Avversità, (irrational) beliefs e conseguenze- Rational emotive behavior therapy (REBT) [5]

Ellis ha creato uno schema fondato su tre dimensioni alla base della sofferenza psichica, il modello ABC, dove A indica l’evento attivante, ossia il modo in cui viene percepito un certo fatto negativo, C indica le conseguenze patologiche o disfunzionali dal punto di vista emozionale e comportamentale (è ciò che spinge ad andare da un terapeuta) e B (beliefs) rappresenta il sistema di credenze suddiviso in credenze razionali e irrazionali. Il terapeuta REBT ha come obiettivo la sostituzione delle credenze irrazionali con quelle razionali. L’idea di fondo è che “C”, la sofferenza, sia causata da un sistema di credenze irrazionali, ossia imperativi rigidi accompagnati da valutazioni anch’esse a loro volta irrazionali.

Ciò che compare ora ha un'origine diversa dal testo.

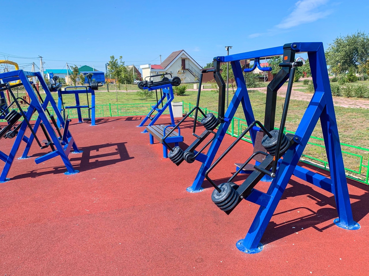 Спортивная площадка находится в парке Победы станицы. Подрядной организацией ООО «Уральские металлоконструкции» произведен монтаж 17 уличных тренажеров. Приобретены и установлены они за счет средств курортного сбора.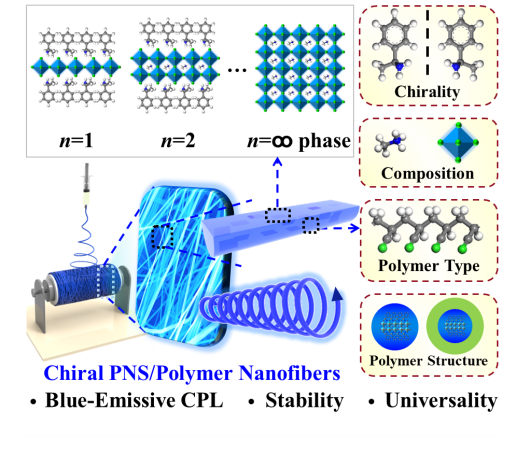 Wen, Z., Lu, R., Gu, F., Zheng, K., Zhang, L., Jin, H., Chen, Y., Wang, S., Pan, S., Enabling Efficient Blue-Emissive Circularly Polarized Luminescence by In Situ Crafting of Chiral Quasi-2D Perovskite Nanosheets within Polymer Nanofibers. Adv. Funct. Mater. 2022, 2212095.

Secondo questa prospettiva, un soggetto molto sofferente e debilitato psichicamente spesso crede che C sia causato da A, cioè ignora, è inconsapevole del fatto che C sia causato da credenze, atteggiamenti e opinioni irrazionali (B).

Di fronte a un evento negativo, una critica, una frustrazione si prova in genere un’emozione negativa che può diventare patologica e disfunzionale se viene esagerata o adattiva, cioè colta come un’occasione per crescere. È in questo preciso punto che si installa la concezione clinica centrale della REBT: sono i pensieri irrazionali a fomentare la sofferenza psichica.

L’obiettivo principale per il terapeuta REBT è quello di insegnare al paziente che la sofferenza emotiva è causata dalle credenze irrazionali e non dagli eventi esterni, dalle altre persone o dagli eventi del passato. Promuove cioè innanzitutto la connessione B–>C anziché A–>C.

A questo si aggiunge il fatto che spesso i pazienti soffrono per il fatto stesso di soffrire, cioè, le emozioni disfunzionali e i comportamenti disadattivi, C,  diventano A, ossia, ci si focalizza su ogni goffaggine, titubanza, emozione negativa e questo crea ulteriore sofferenza che si crede legata alla propria fragilità, al fatto di stare per perdere il controllo della situazione.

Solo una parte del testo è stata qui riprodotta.